Figure 1 illustrates a canonical input-queuing wormhole switch architecture [11]. The Æthereal NoC [4] adopts this architecture after carefully analyzing the performance and cost trade-offs between different queuing strategies. The switch has p physical channels (PCs or links) and  $\nu$  lanes (VCs) per PC. It conducts credit-based link-level flow control to coordinate packet delivery between adjacent switches to avoid buffer overflow and flit loss.

As sketched in Figure 2, for each packet, a switch passes through the following steps:  $routing S_1$ ,  $lane \ allocation S_2$ ,  $flit \ scheduling S_3$ ,  $switch \ arbitration S_4$ ,  $switch \ traversal S_5$  and  $lane \ release S_6$ . In the routing step, the routing logic determines the routing path over which the packet advances. Routing is performed only when the head flit of a packet becomes the earliest-come flit in the lane. After routing, the output PC is determined. In the step of lane allocation, the lane allocator tries to associate the lane the packet occupies with an available lane in the next hop, i.e., to make a unique lane-to-lane association. Note that it is not necessarily required that



Figure 1: A canonical wormhole switch



Figure 2: Sequence of steps based on flits

there is an empty buffer in the requested lane in order for the lane to be associated or allocated. But, if the buffer availability (at least one buffer) is a pre-condition to complete VC allocation, the flitscheduling step is not needed any more for the head flit of a packet. In such a case, a head flit directly transits from step S<sub>2</sub> to S<sub>4</sub>, as indicated by the dashed line in Figure 2. A lane-to-lane association fails when all requested lanes are already associated to other lanes in directly connected switches, or the lane loses arbitration in case multiple lanes in the switch request the same downstream lane. If the lane-to-lane association succeeds, the packet enters the flit scheduling step. If there is a buffer available in the associated lane, the lane enters the switch arbitration  $(S_4)$ , which can be done with a two-level arbitration scheme. The first level of arbitration is performed on the lanes sharing the same input port to the crossbar. The second level of arbitration is for the crossbar traversal to output links. If the lane wins the two levels of arbitration, the earliestcome flit in the lane enters the step of switch traversal  $(S_5)$ . The flit is switched out to the next hop and the granted link is released. Otherwise, the lane stays in the arbitration step. Once the tail flit is switched out, the lane-to-lane association is released  $(S_6)$ , thus the allocated lane is available to be reused by other packets. Credits are communicated between adjacent switches in order to keep track of the status of downstream lanes, such as if a lane is free, and a count of available buffers in the lane.

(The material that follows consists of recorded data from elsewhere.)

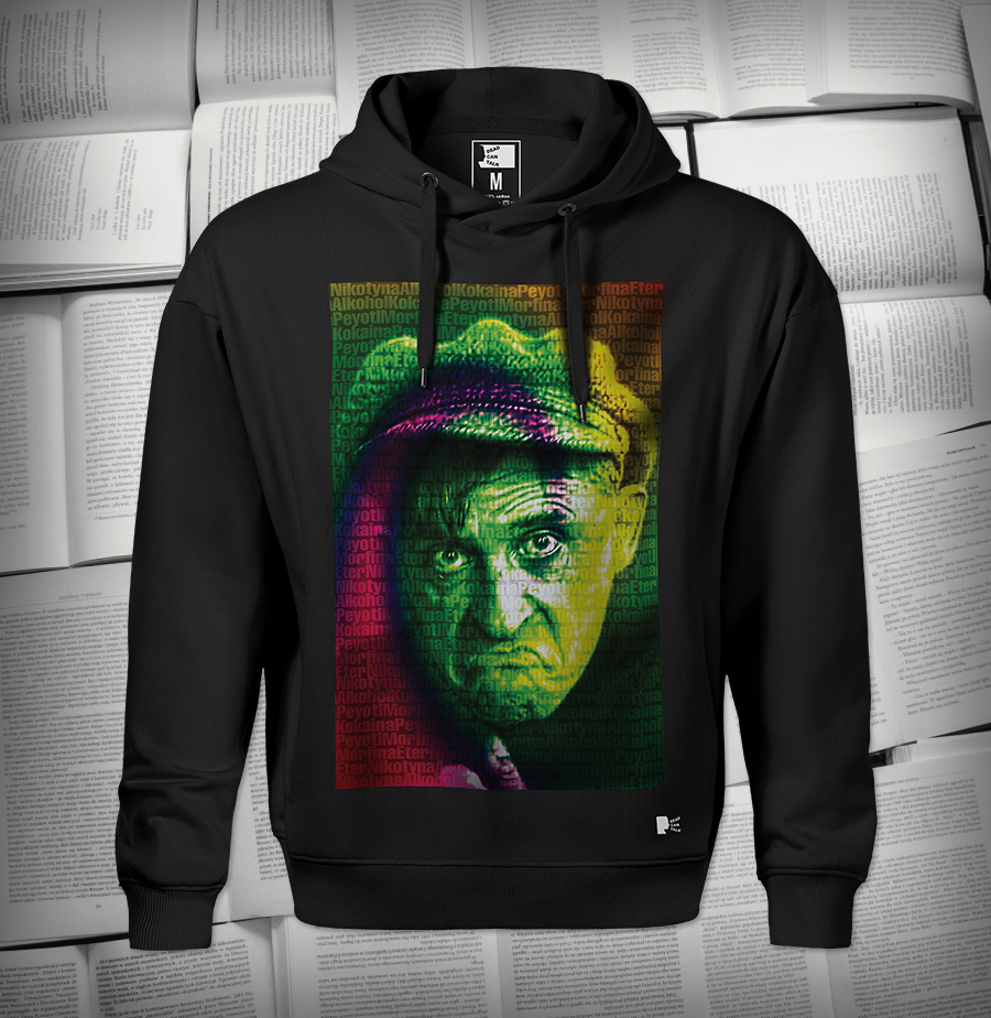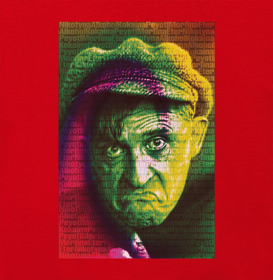 Wzór inspirowany jego „dziełkiem o narkotykach” z 1932 r. pt. „Nikotyna Alkohol Kokaina Peyotl Morfina Eter + Appendix”, wznawianym później pod krótszym tytułem „Narkotyki”.
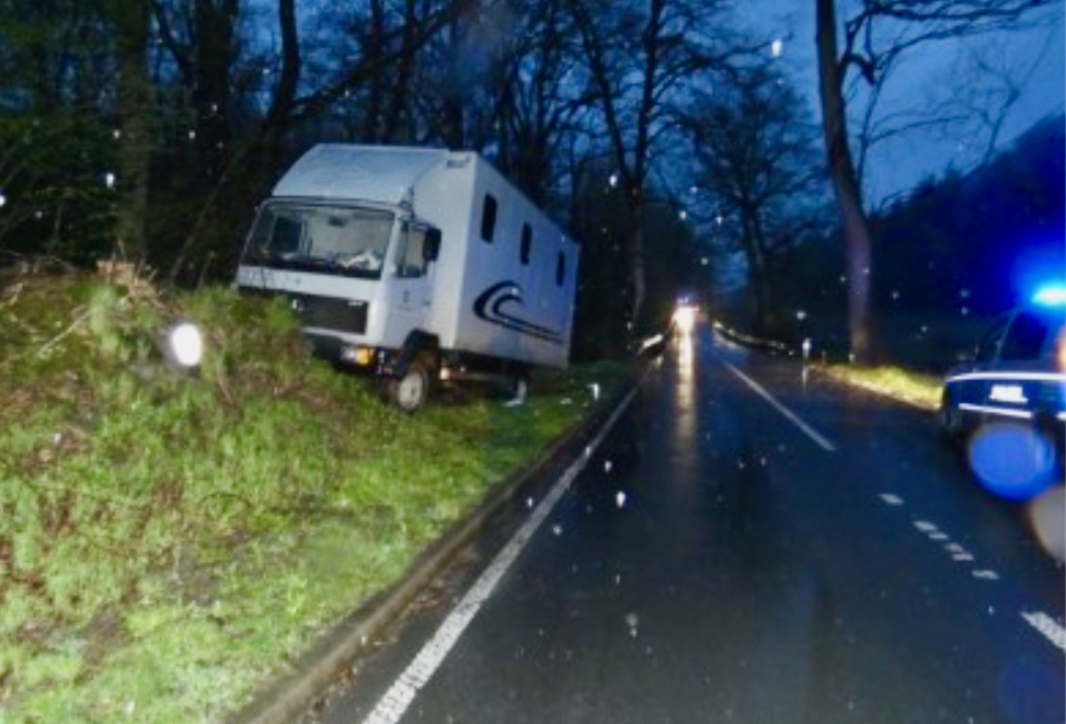 Ein betrunkener Lastwagenfahrer ist gestern Abend bei Vollrathsruhe mit seinem Fahrzeug von der Straße abgekommen und hat einen Schaden von rund 21 000 Euro verursacht. Der Lastwagen touchierte eine Leitplanke und blieb in einem Sandhaufen stehen.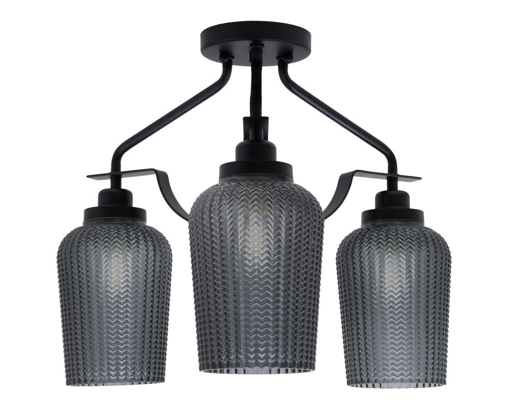 Toltec Lighting 2607-MB-4252 Odyssey 3 Light Semi-Flush Shown In Matte Black Finish With 5 Smoke Textured Glass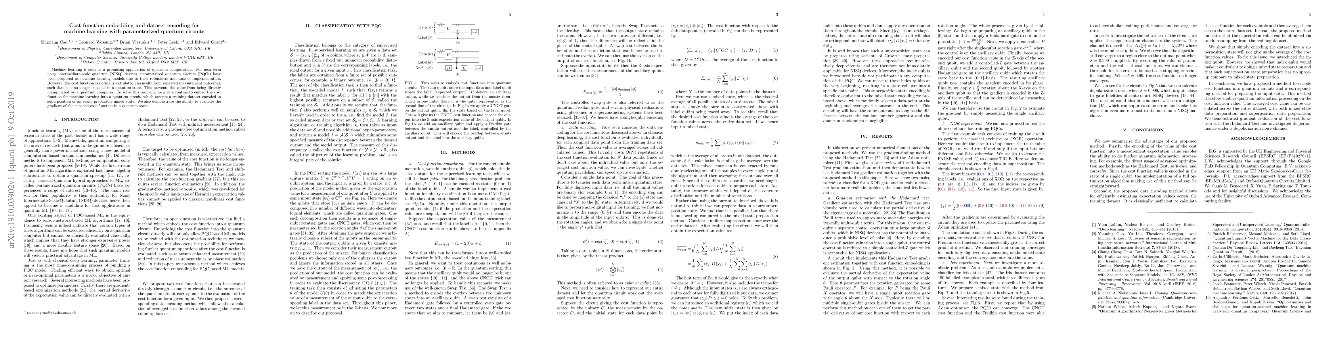 Machine learning is seen as a promising application of quantum computation. For near-term noisy intermediate-scale quantum (NISQ) devices, parametrized quantum circuits (PQCs) have been proposed as machine learning models due to their robustness and ease of implementation. However, the cost function is normally calculated classically from repeated measurement outcomes, such that it is no longer encoded in a quantum state. This prevents the value from being directly manipulated by a quantum computer. To solve this problem, we give a routine to embed the cost function for machine learning into a quantum circuit, which accepts a training dataset encoded in superposition or an easily preparable mixed state. We also demonstrate the ability to evaluate the gradient of the encoded cost function in a quantum state.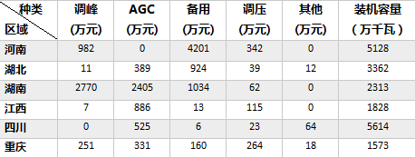 (七)華中區(qū)域電力輔助服務補償情況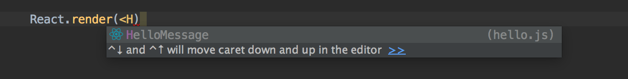 IntelliJ IDEA 使用JavaScript代码为React API和JSX提供代码完成。代码完成适用于React方法,React特定的属性,HTML标记和组件名称, React事件,组件属性等。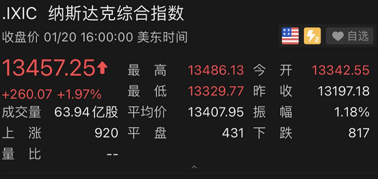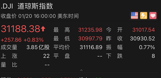 截至收盘,道指涨0.83%报31188.38点,标普500指数涨1.39%报3851.85点,纳指涨1.97%报13457.25点。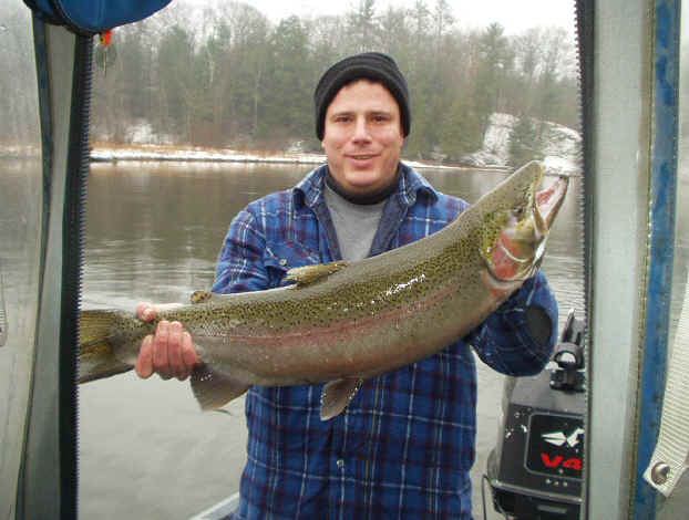 12/17/03  Capt. Jay Frolenko reports fairly good Steelheading on the Big Manistee River.  While the details were kinda sketchy, it sounded like he hit at least 4 fish.  This is fantastic, because this was Capt. Jay's initial shakedown cruise with my former riverboat.  I'd like to say, his photos are excellent, especially when you factor in, it was the first time he used his new camera too! Click for Rick's 1st river metal-head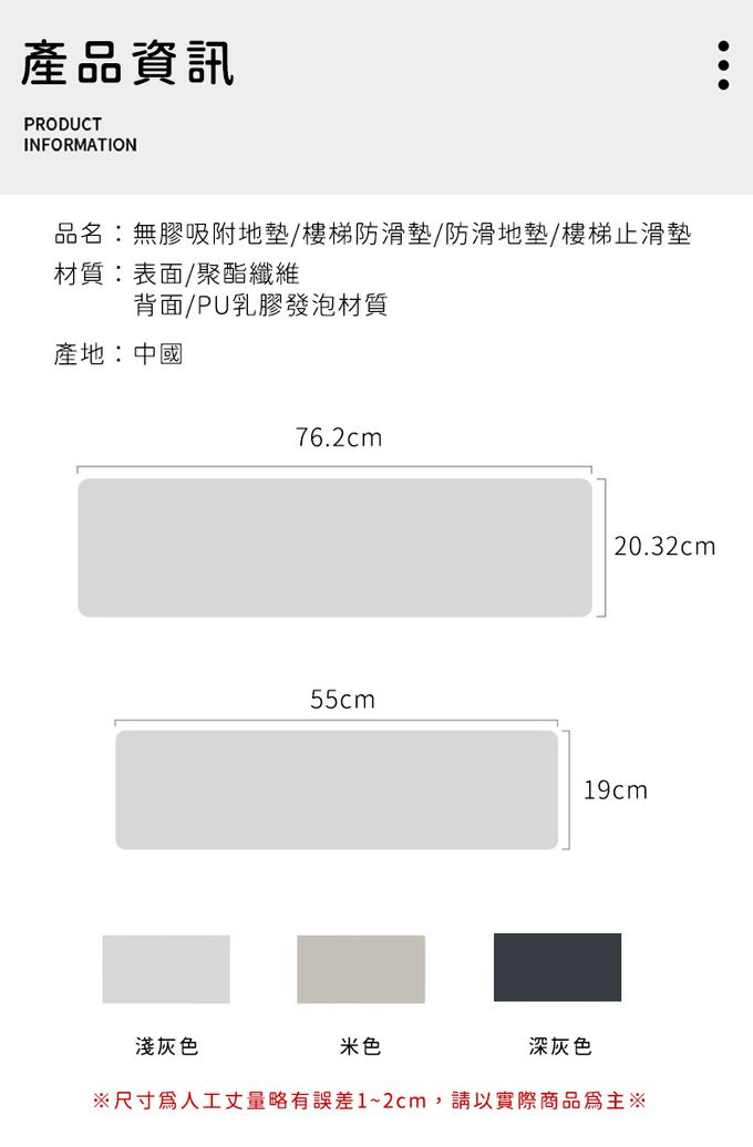 • 品名:無膠吸附地墊/樓梯防滑墊/防滑地墊/樓梯止滑墊 19*55cm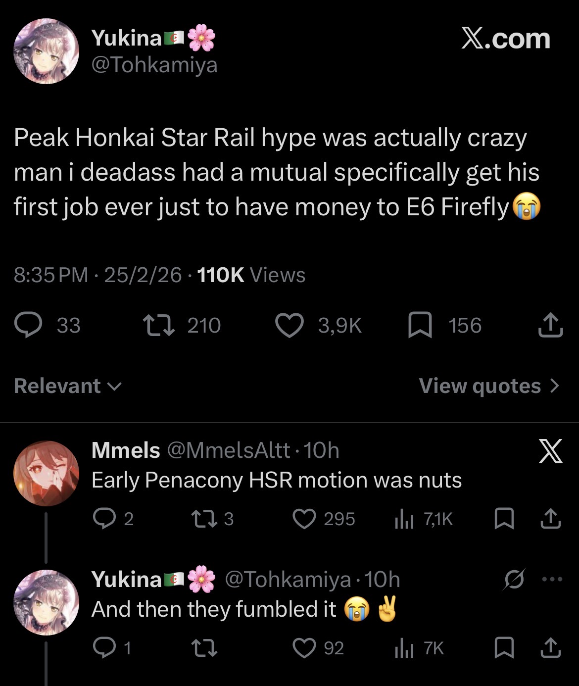 >>558640621>hsr will be heading towards hi3 soon enoughYuri? A NGE collab?

#### 4. THE LAYERED WH-VCT SWITCHING

#### 4.1 Operation

Wormhole switching allocates lanes at the packet level, i.e., packetby-packet, but packet buffering and link allocation are conducted at the flit level. This mismatch between lane allocation and buffer/link usage causes three major drawbacks. First, flits other than a head flit must again enter the flit scheduling step, and contend for switch arbitration and traversal. This incurs extra control cycles. Second, since flits of a packet may be distributed in nodes along the packet's routing path, they occupy allocated VCs and independently contend for the link bandwidth along the path. This increases contention for outgoing links, limiting the network's maximum throughput [13]. Third, the spread-out flits may occupy only a portion of allocated lane buffers. The buffers between the flits can not be used by any other packets, making the buffer utilization less efficient.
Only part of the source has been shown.